It is also clear that when you have a day when your advancing and declining stocks are of the same count and the advancing and declining volume are the same that you will end up with an indicator of 1.0 since both ratios will need to necessarily be 1, or the product of A*DV and the product of D*AV need to coincidentally be exactly the same.

TRIN = 1 = A*DV / D*AV

therefore the index is =1 if either of these cases occur.

D * AV = A * DV    [Eq 1]      or ,           A/D = 1  &   AV/DV = 1

or the ratio of AV/DV is exactly the same as the ratio of A/D

AV / DV = A / D

What does Eq [0] mean for the market? If we have a very bullish market day with almost all stocks up then A/D is going to be very high, it is highly likely that the ratio is going to be similarly high AV/DV. If the two ratios are the same we have a TRIN =1. How are we going to get very low levels of TRIN << 1?  We are going to get this when the ratio of AV/DV is much bigger than the ratio of A/D is. That means a very high advancing volume AV bigger than the declining volume DV yet a lower count of advancing stocks compared to declining stocks. So that means a bigger volume in fewer advancing stocks (TRIN<<1). Likewise the opposite case when TRIN is much bigger than 1 (TRIN >>1) happens when we have a bigger volume in fewer declining stocks (TRIN>>1).

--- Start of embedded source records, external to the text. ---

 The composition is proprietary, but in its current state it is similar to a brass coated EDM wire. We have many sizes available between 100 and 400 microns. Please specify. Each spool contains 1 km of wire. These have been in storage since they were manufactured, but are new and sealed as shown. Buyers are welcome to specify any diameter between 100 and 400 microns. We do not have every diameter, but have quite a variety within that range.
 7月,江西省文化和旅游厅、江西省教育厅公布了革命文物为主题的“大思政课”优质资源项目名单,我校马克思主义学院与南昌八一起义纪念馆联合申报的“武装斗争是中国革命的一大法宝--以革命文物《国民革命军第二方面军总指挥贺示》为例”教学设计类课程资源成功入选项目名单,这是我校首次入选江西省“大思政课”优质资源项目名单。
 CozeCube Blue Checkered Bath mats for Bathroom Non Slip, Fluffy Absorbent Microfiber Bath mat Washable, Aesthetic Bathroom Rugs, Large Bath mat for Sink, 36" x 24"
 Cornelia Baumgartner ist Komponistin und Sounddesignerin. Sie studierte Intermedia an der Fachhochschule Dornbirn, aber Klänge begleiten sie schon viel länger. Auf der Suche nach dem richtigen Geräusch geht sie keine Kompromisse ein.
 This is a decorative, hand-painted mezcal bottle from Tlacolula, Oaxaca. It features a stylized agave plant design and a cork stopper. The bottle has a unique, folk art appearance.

Since the volume count is purely absolute there is no dollar value associated with this, we cannot say that if we are looking at tiny cap stocks getting all the volume. One thing to note here is that while the number of stocks is fixed there is a minimum & maximum ratio of A/D, but for AV/DV there is no such limit. The number of stocks are always integers on a finite range but the volume is a also always integers but on a theoretically infinite range. Lets say your number of stocks you are counting is max 100 shares for simplicity. You will have a minimum of 1/99=0.01 and max of 99/1=99 except for the obvious extreme cases of either one being 0. But for the volume you might have for example a case of 1/1,000,000,000 = 0.000000001 or 1,000,000,000/1 = 1,000,000,000. Leading to TRINs of 0.01/0.000000001= very big or 99/100,000,000= very tiny. Meaning that the AV/DV ratio is most likely dominating this indicator over the A/D ratio just purely by nature of numbers. This is why Richard Arms says that a TRIN>1 is bearish and a TRIN<1 is bullish.

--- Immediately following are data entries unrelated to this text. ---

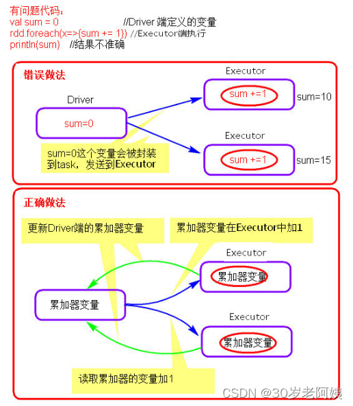 累加器在Driver端定义赋初始值,累加器只能在Driver端读取,在Excutor端更新。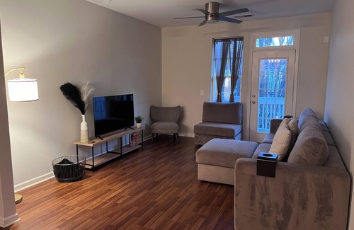 Your home away from home in Charlotte with 2 bedrooms featuring 2 queen beds. This fantastic condo offers all the essentials for a comfortable stay, including WiFi, AC, and a washing machine. The gorgeous interior will make guests feel right at home, and we'll be available to answer any questions while you stay at our place.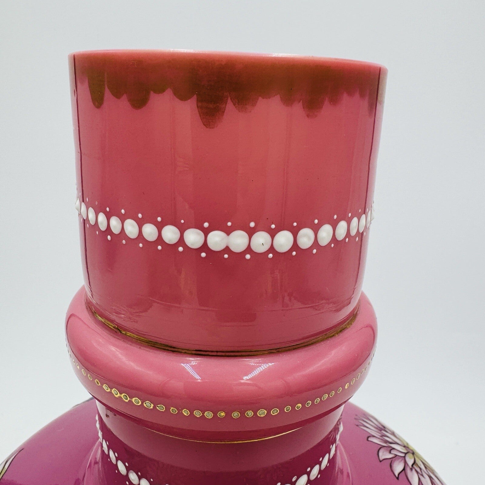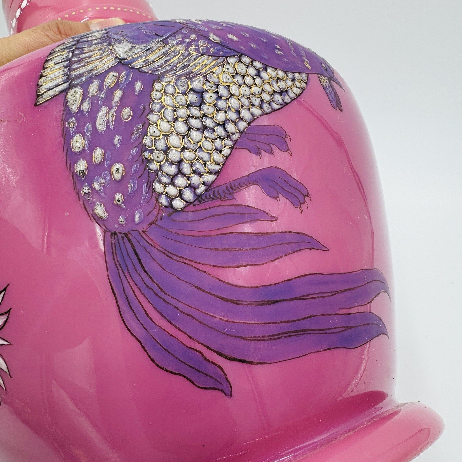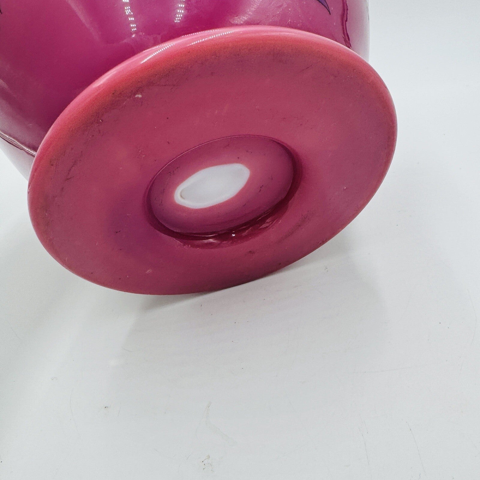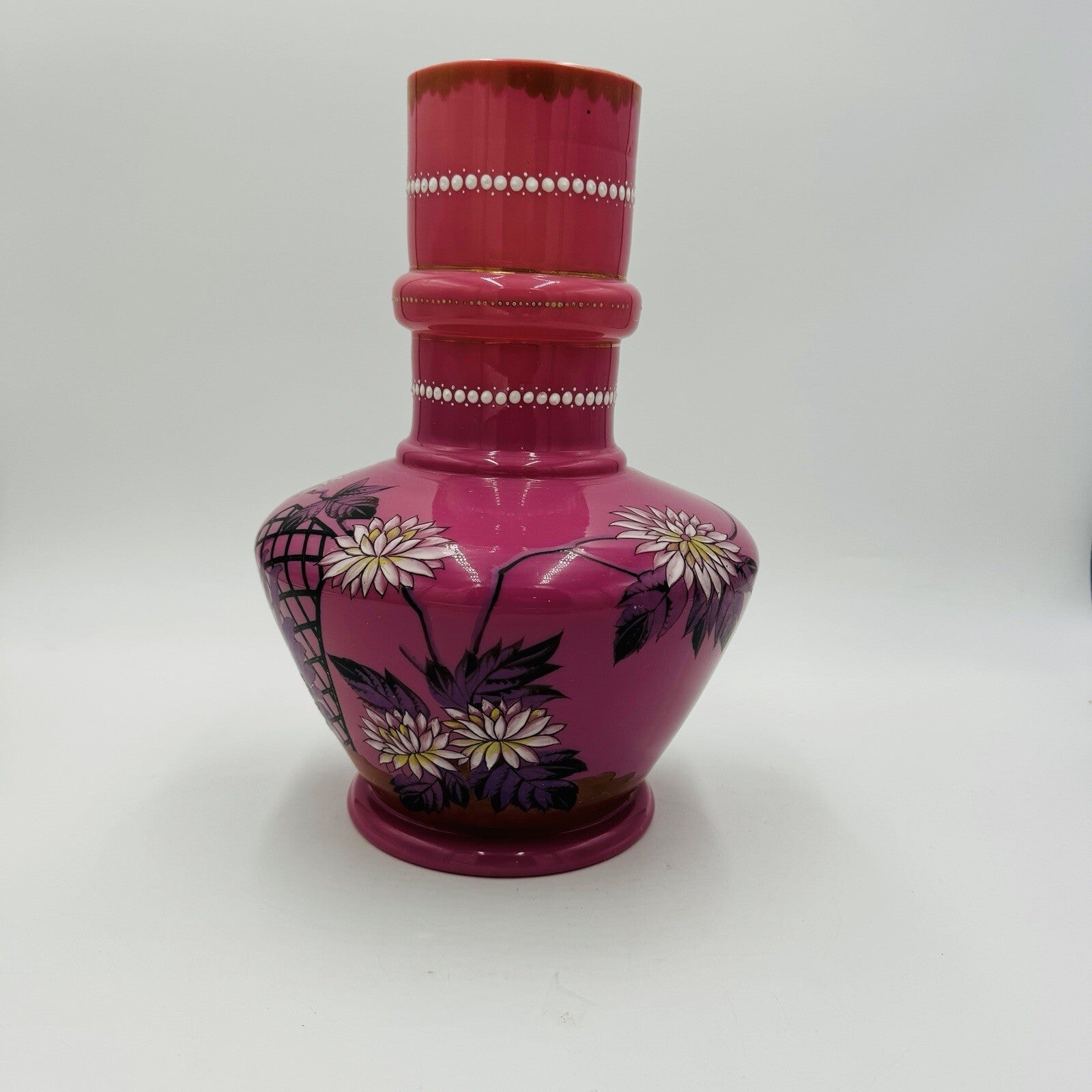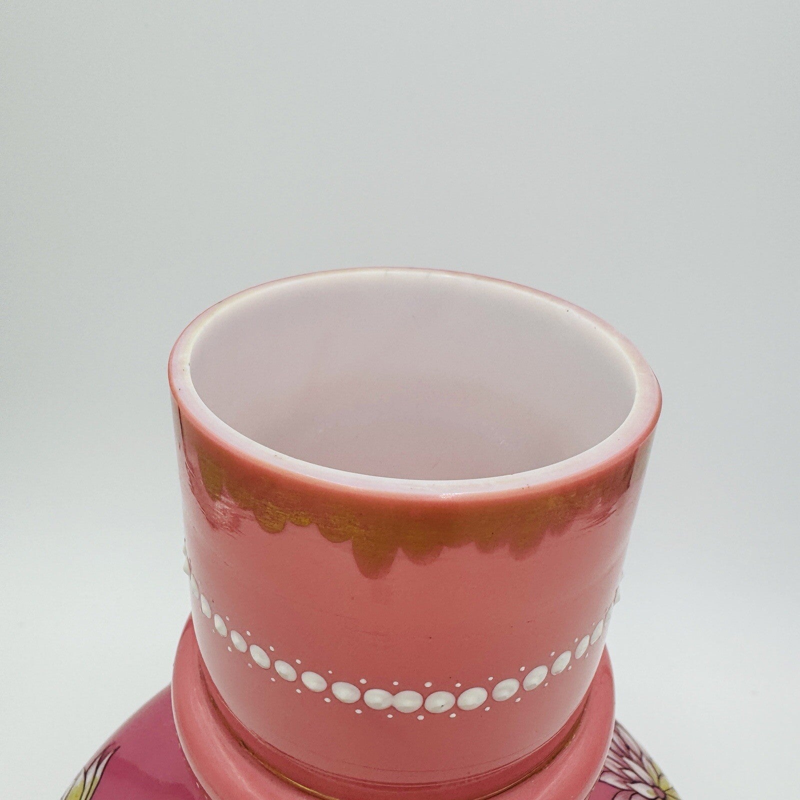 This large, round vase features a beautiful abstract pattern with roosters and daisies enameled painted. The antique Victorian pink opaline glass material is hand-painted with a glossy finish, making it a rare and unique addition to any collection. The vase stands at 12.5 inches tall and is perfect for all occasions, adding a touch of elegance to any room. The brand is Antique Victorian Pink Opaline Glass and it is an original piece from the 1950s. This vase is perfect for adults who appreciate the Victorian style and theme of roosters and flowers.

Lets simplify Eq [1] by two transformations. We know the number of stocks is fixed, so the sum of all advancing, declining and unchanged stocks is a fixed number lets call it N.

We can write

N = A+D+ε

and further  write A in terms of D as

A = N* - D

where we assume N*=N+ε is almost identical since ε is going to be small. Likewise we can simplify the volume to assume there is a constant volume of shares traded each day which is fixed. Then we can write similarly

M = AV + DV + ε

and also

AV = M* - DV.

Substituting this into Equation [1] we get

D  × ( M* - DV ) = ( N* - D) × DV

which expands leading to

DV  =  M*/N* ×  D

or if we want to express it in terms of AV

D = N*  -  N*/M* × AV.

This simply means that the TRIN index is equal to 1 when the ratio of Declining Volume to Descending Stocks is the same as the ratio of total Volume to total number of stocks.

If we knew the total volume traded everyday and we already know the total number of stocks we know exactly when the TRIN will be 1.0, precisely when the Declining Volume has the same ratio to the Declining stocks count as the M*/N* ratio. Furthermore this means that there is a linear relationship between the Volume and the Count where the TRIN index is 1.0.  We are going to draw this into a contour plot of Volume versus Stocks.

Using these substitions in Equation [1] we arrive at this

TRIN  =     (    N* / D   -  1   )  × (   M* / AV   -   1)                [ Eq 3]

which is zero at D=N* and AV = M* which is simply the same as saying D=0 or A = 0. Trivial. It also has singularities at D=0 and AV=0. So at the very start of counting or measuring the traded volume, if either of them is still zero we are going to have a singularity.

In summary

  • D=0 or AV=0      TRIN --->  infinite    (bottom and left of chart)

  • A=0 or DV=0      TRIN --->  zero         (top and right of chart)

Contour plot of the TRIN, showing the area less than 1, greater than 1 and the line where T=1.

Lets expand Equation [3] we arrive at a mixed quadratic equation

TRIN =  N* M* / (D AV)  -   N*/D   -   M*/AV    +    1

or write this in terms of x=D and y=AV

TRIN(x,y) = N*M*/ (x y)    -   N*/x   - M*/y    + 1

If you remember the derivative of 1/x you will remember that the first derivative of 1/x is -x^-2. Meaning the slope of this curve decreases faster than the curve itself since its to the power 2. We have a gently sloping function out to the max values and infinity around either side being zero.

2.2 Applications

Lets start looking at applications. Arms considers anything above 1.25 to be oversold and values below 0.75 to be overbought.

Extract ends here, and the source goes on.